• What is required: Make an exact transcript of the lines in the data below, starting with the one containing "Διακοσμητικό polyresin 23Χ15Χ28" and going on through the one containing "Bikubiye mu itangazo", with both included and the pictures left out.

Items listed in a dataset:
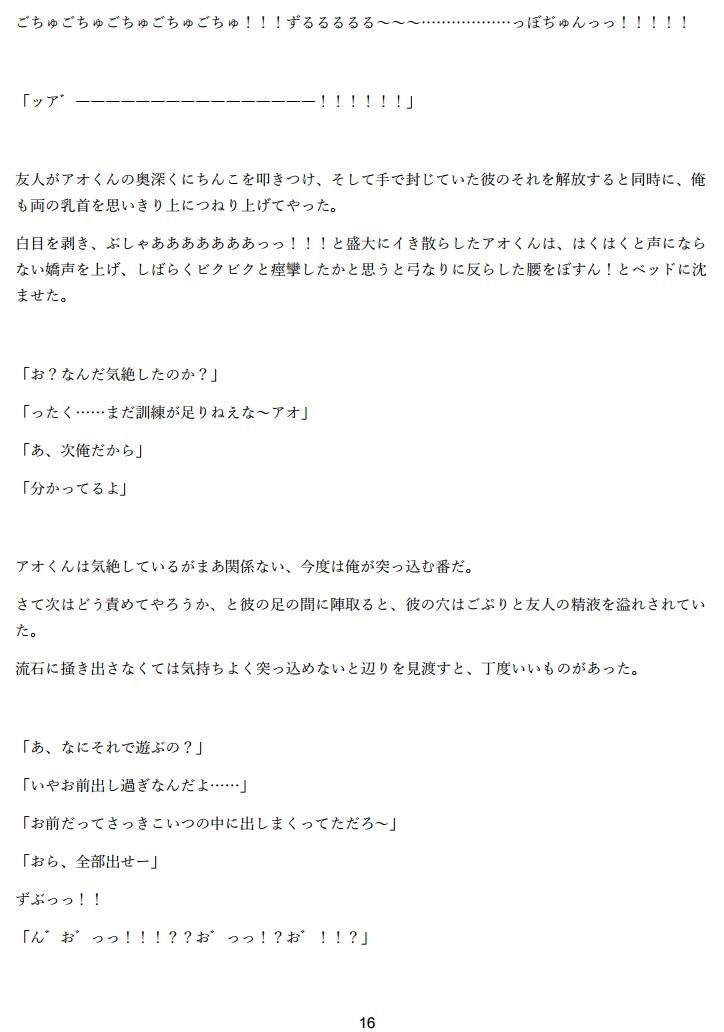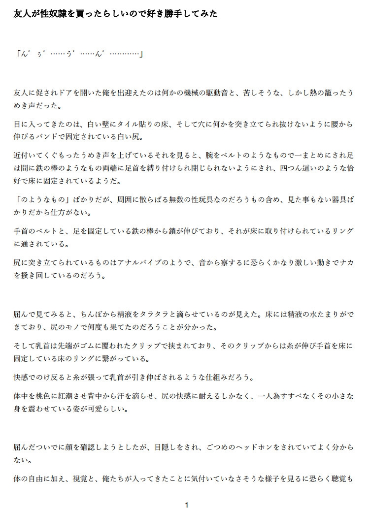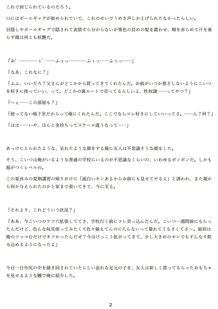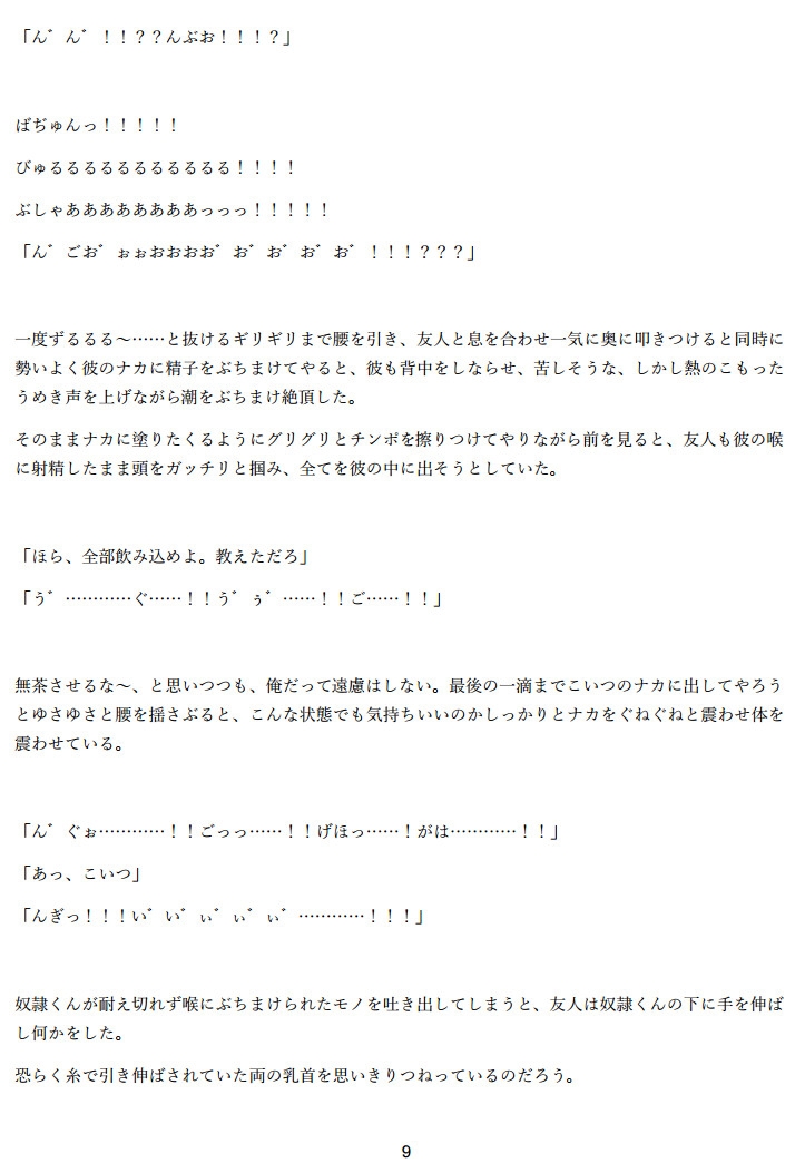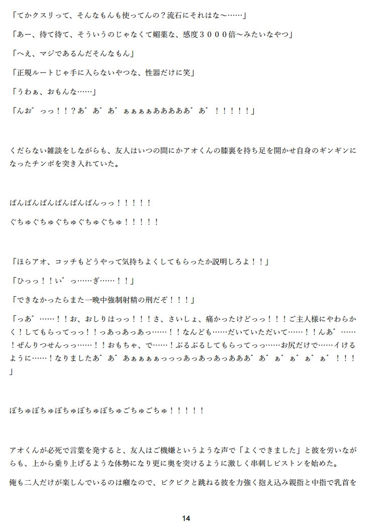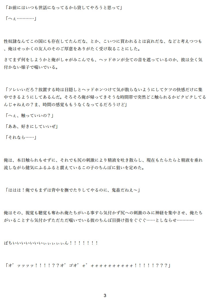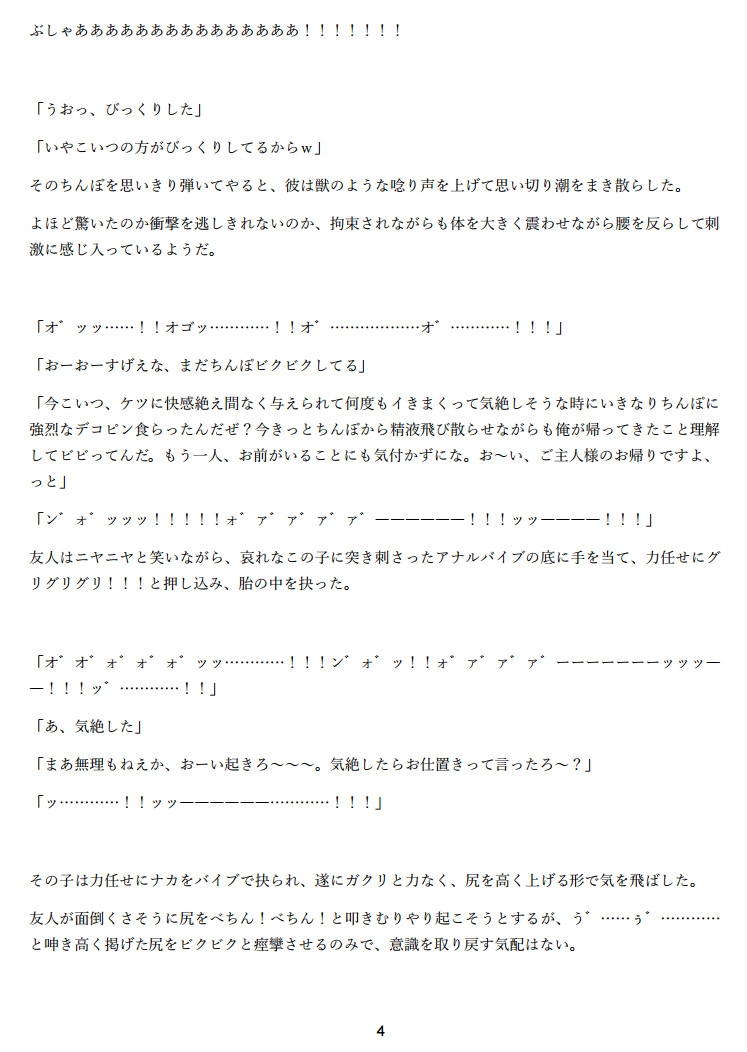 友人に呼ばれ家へ行くと、拘束されバイブを突き入れられたままの男の子がいた。最近買ってもらった性奴○らしいのでこの夏休みの間中この子を好き勝手することにしてみた。
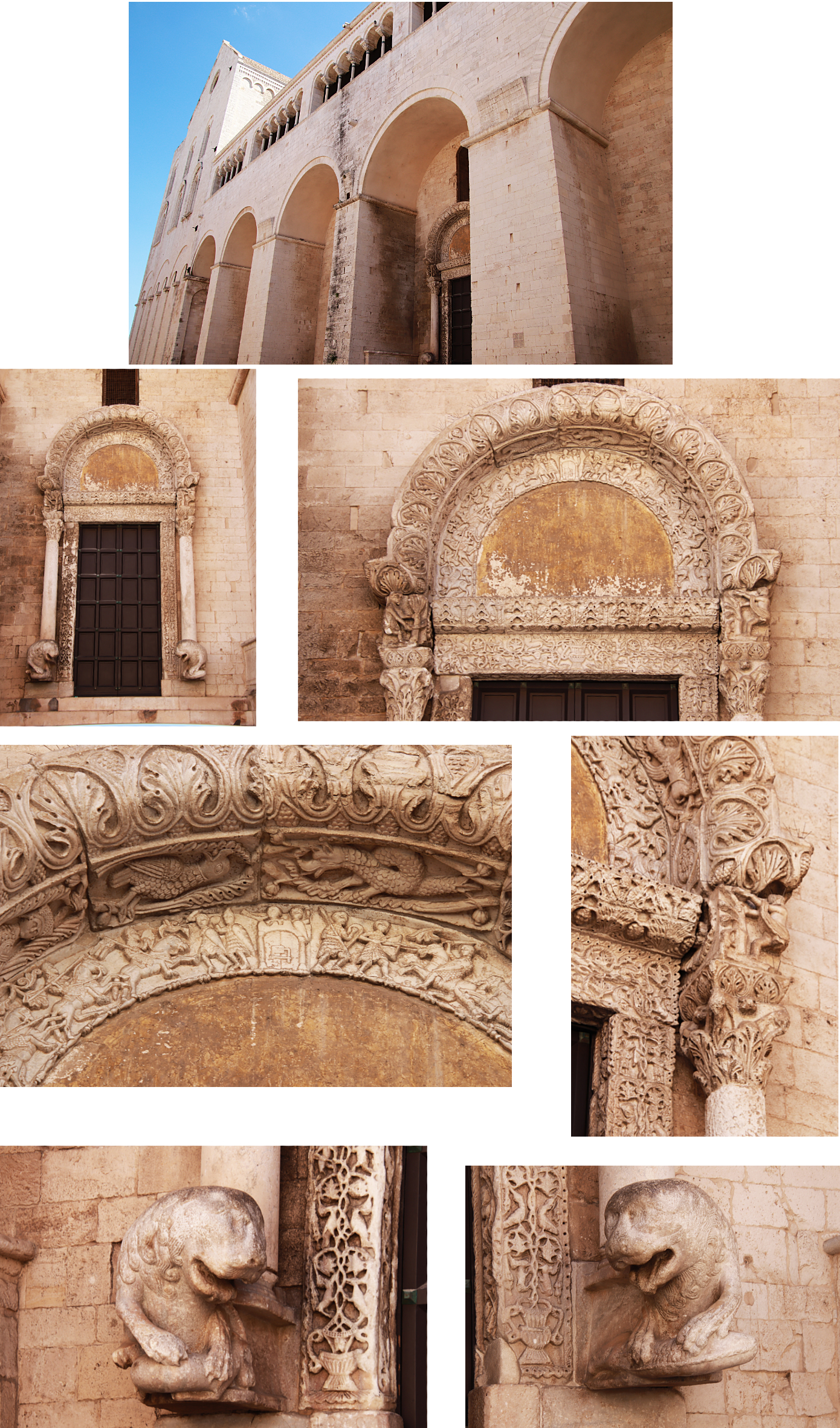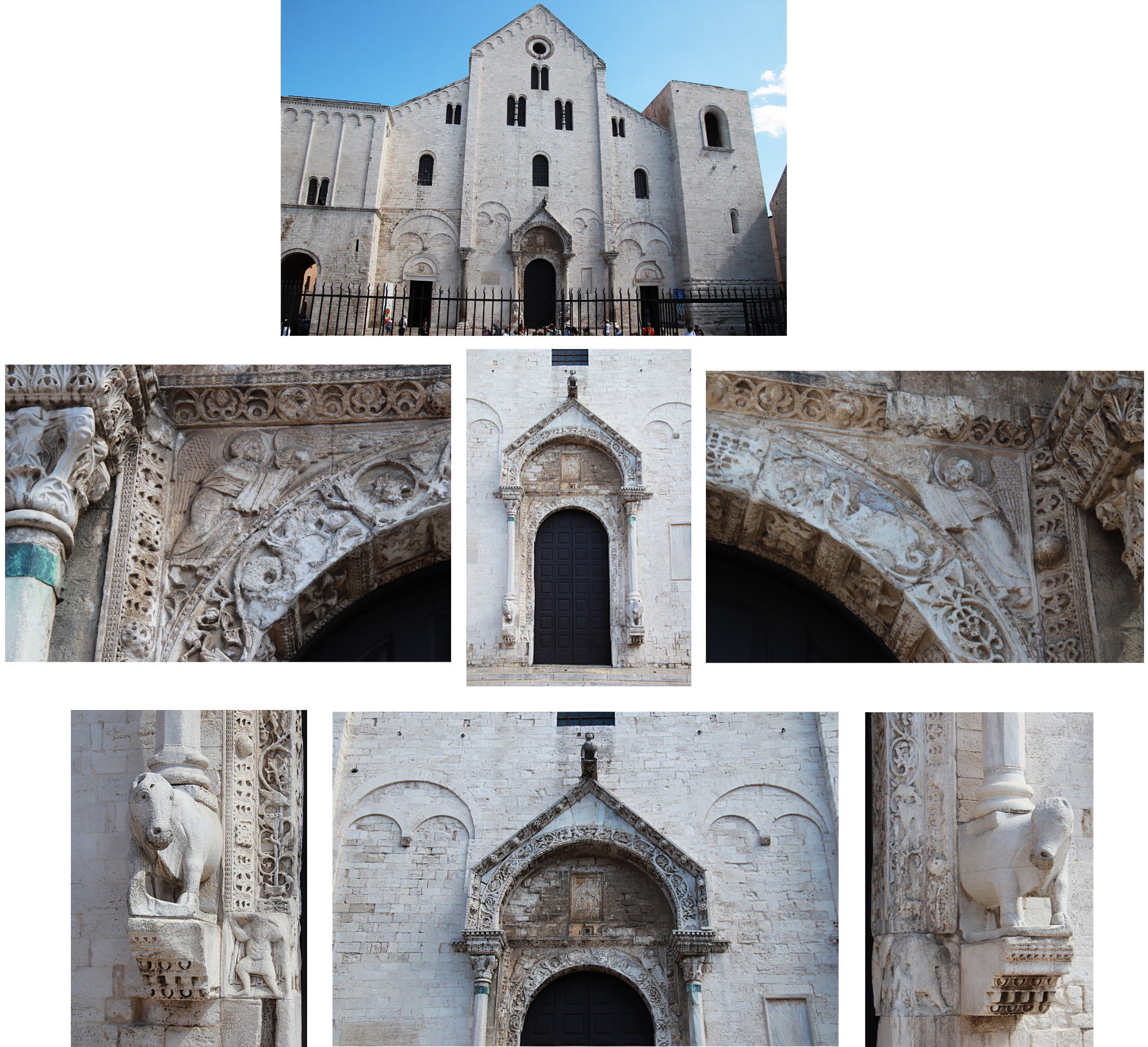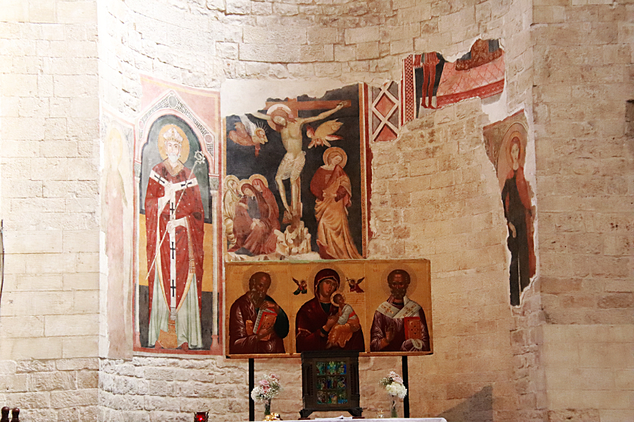 Vamos hasta la basílica de San Nicolás, en la que no hay que pagar y nos gusta mucho. Es un importante centro de peregrinación tanto para cristianos católicos como ortodoxos, como tendremos ocasión de comprobar, porque alberga las reliquias de San Nicolás. La basílica fue construida entre 1087, destruida en 1156 y reconstruida entre 1160 y 1197. Es un buen ejemplo de la arquitectura románica de Puglia. Tiene un aspecto macizo que se explica por su posición cercana al mar y la necesidad de ofrecer refugio durante los frecuentes ataques y parece más una fortaleza que una iglesia.
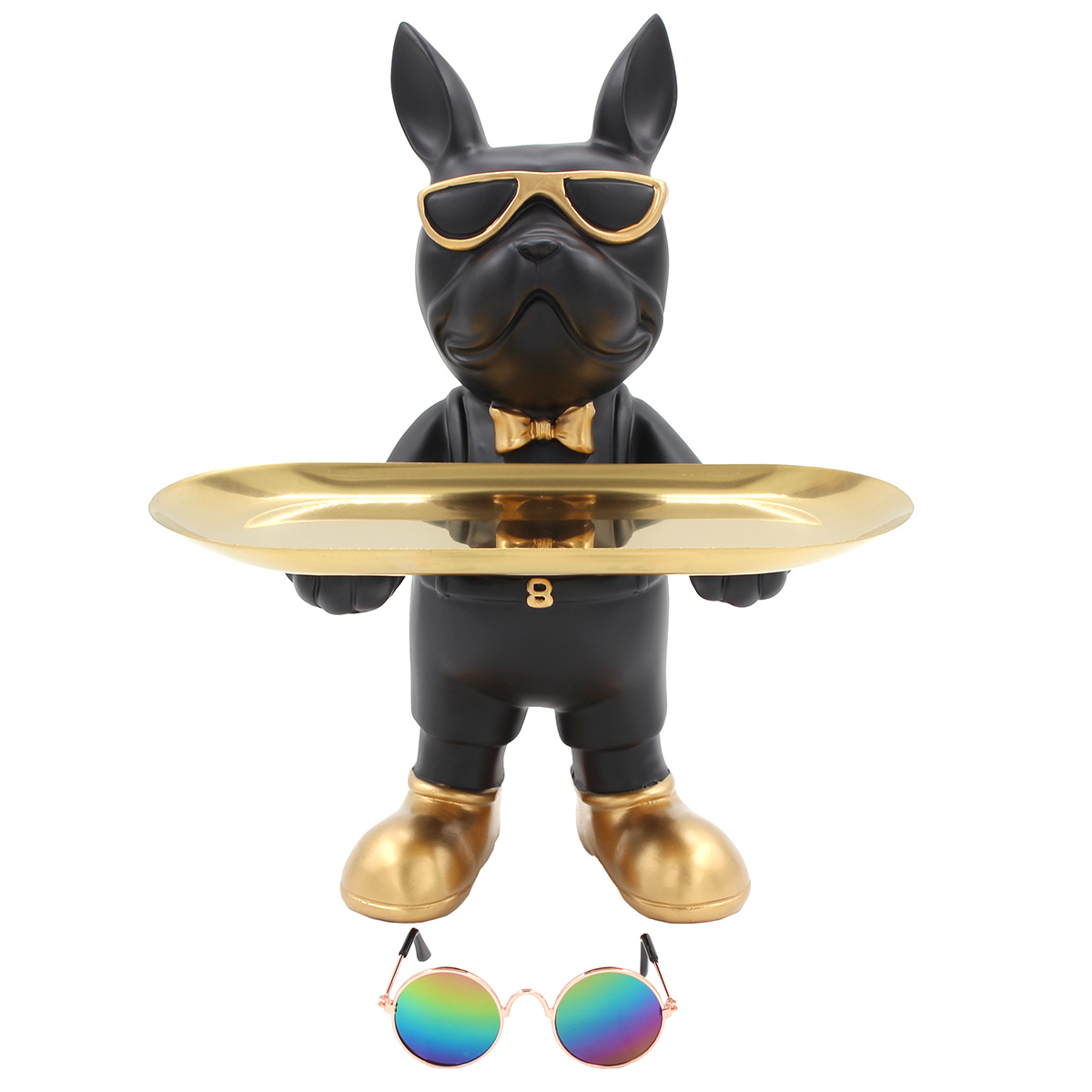 Διακοσμητικό polyresin 23Χ15Χ28 εκ. Σκύλος μαύρο χρυσό με μεταλλικό δίσκο
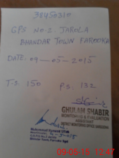 | District: SARGODHA | Tehsil: SAHIWAL | Markaz: FAROOQA - MALE | Level: Primary | |
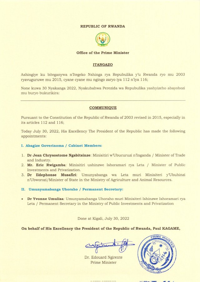 Bikubiye mu itangazo ryashyizweho umukono na Minisitiri w’Intebe Dr Edouard Ngirente.
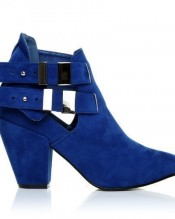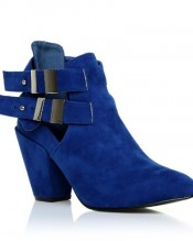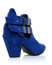 MARLEY Electric Blue Faux Suede Block High Heel Cut-Out Shoe Boots Size UK 7 EU 40

• Written answer:
 Διακοσμητικό polyresin 23Χ15Χ28 εκ. Σκύλος μαύρο χρυσό με μεταλλικό δίσκο
 | District: SARGODHA | Tehsil: SAHIWAL | Markaz: FAROOQA - MALE | Level: Primary | |
 Bikubiye mu itangazo ryashyizweho umukono na Minisitiri w’Intebe Dr Edouard Ngirente.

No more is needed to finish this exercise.